As you’re browsing the web every day, information from the networks and apps you use can expose more information than you intend. When accumulated over time, identifiers like your IP address, cookies, browser and device characteristics create a unique profile that can be used to track your browsing activity. We don’t think this status quo is right for the Internet, or that consumers should have to understand the complex ecosystem of third-party trackers to maintain privacy. Instead, we’ve been working on technologies that encourage and enable website operators and app developers to build privacy into their products at the protocol level.

Getting privacy right is hard. We figured we’d start in the area we know best: building privacy into our network infrastructure. Like other work we’ve done in this space – offering free SSL certificates to make encrypted HTTP requests the norm, and launching 1.1.1.1, a privacy-respecting DNS resolver, for example – the products we’re announcing today are built upon the foundations of open Internet standards, many of which are co-authored by members of our Research Team.

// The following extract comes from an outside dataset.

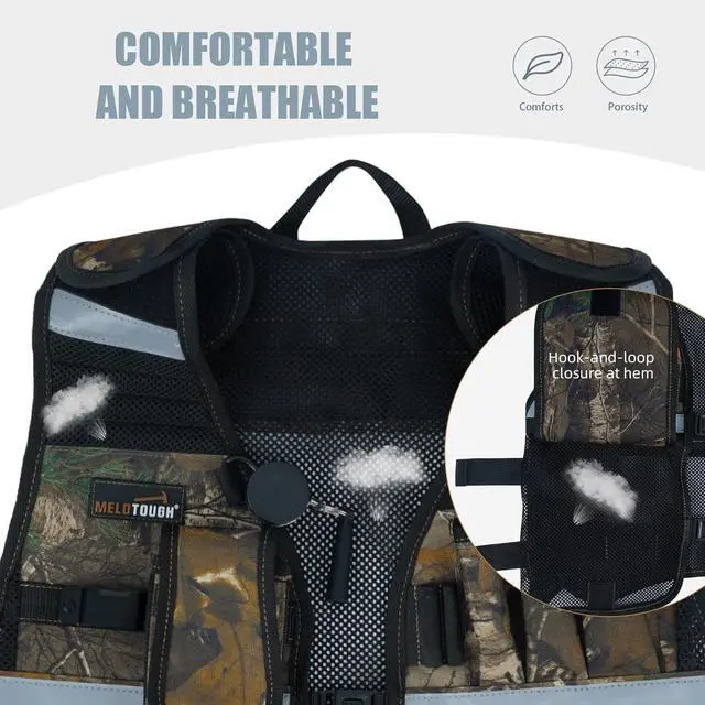REFLECTIVE STRIP DESIGN: Reflective strips on safety tool vest shoulders, chest and back can improve the safety of night work.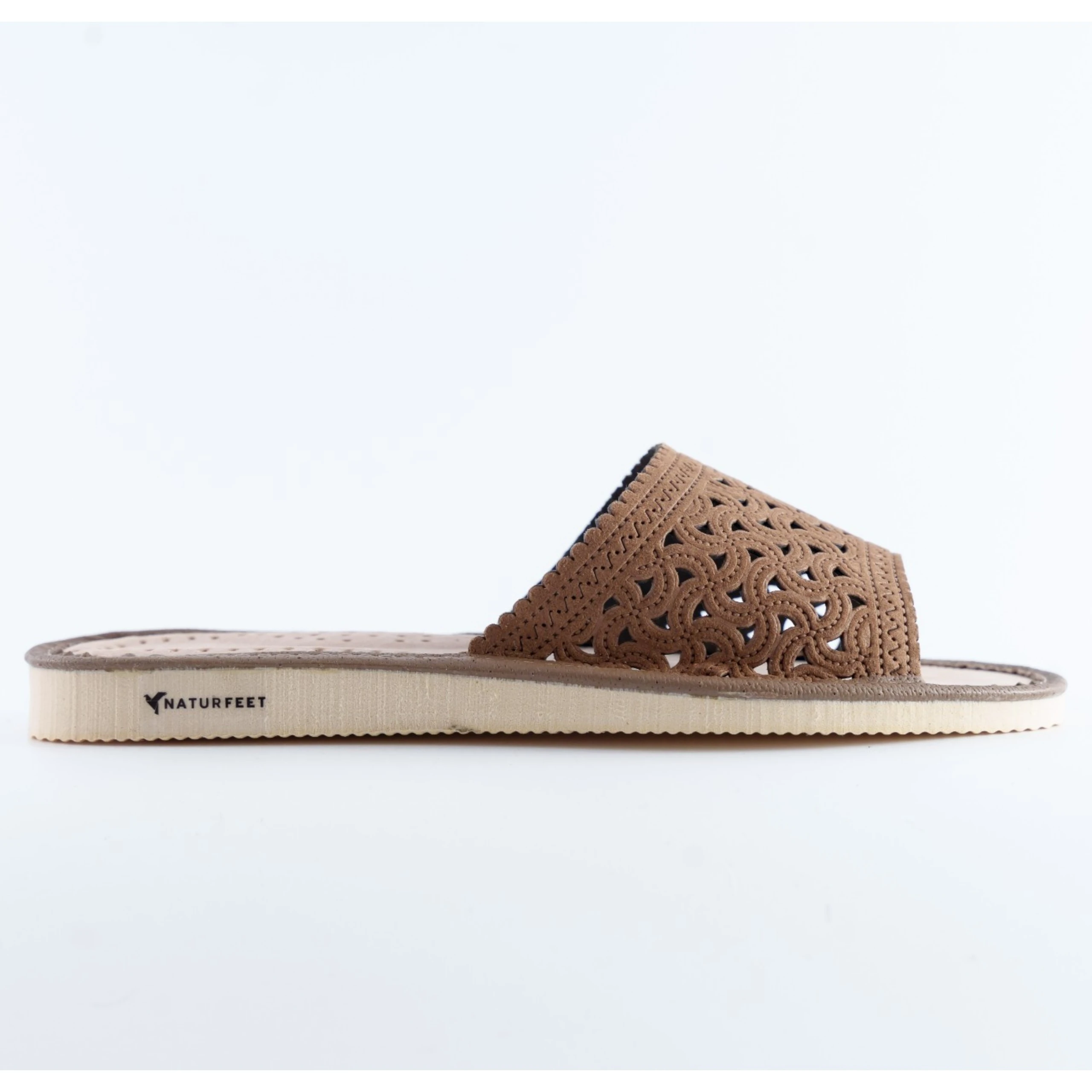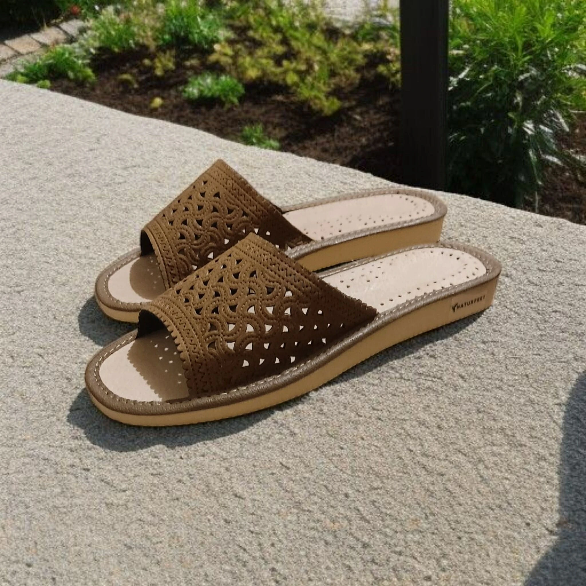 Stylowe i oddychające damskie kapcie marki Naturfeet, wykonane w całości z wysokiej jakości naturalnej skóry. Ażurowy wzór w części wierzchniej nadaje im lekkości i elegancji, a zarazem zapewnia świetną cyrkulację powietrza – idealne na każdą porę roku.

Privacy Edge – the collection of products we’re announcing today, includes:

• Privacy Gateway: A lightweight proxy that encrypts request data and forwards it through an IP-blinding relay

• Code Auditability: A solution to verifying that code delivered in your browser hasn’t been tampered with

• Private Proxy: A proxy that offers the protection of a VPN, built natively into application architecture

• Cooperative Analytics: A multi-party computation approach to measurement and analytics based on an emerging distributed aggregation protocol.

Today’s announcement of Privacy Edge isn’t exhaustive. We’re continuing to explore, research and develop new privacy-enabling technologies, and we’re excited about all of them.

There are situations in which applications only need to receive certain HTTP requests for app functionality, but linking that data with who or where it came from creates a privacy concern.

We recently partnered with Flo Health, a period tracking app, to solve exactly that privacy concern: for users that have turned on “Anonymous mode,” Flo encrypts and forwards traffic through Privacy Gateway so that the network-level request information (most importantly, users’ IP addresses) are replaced by the Cloudflare network.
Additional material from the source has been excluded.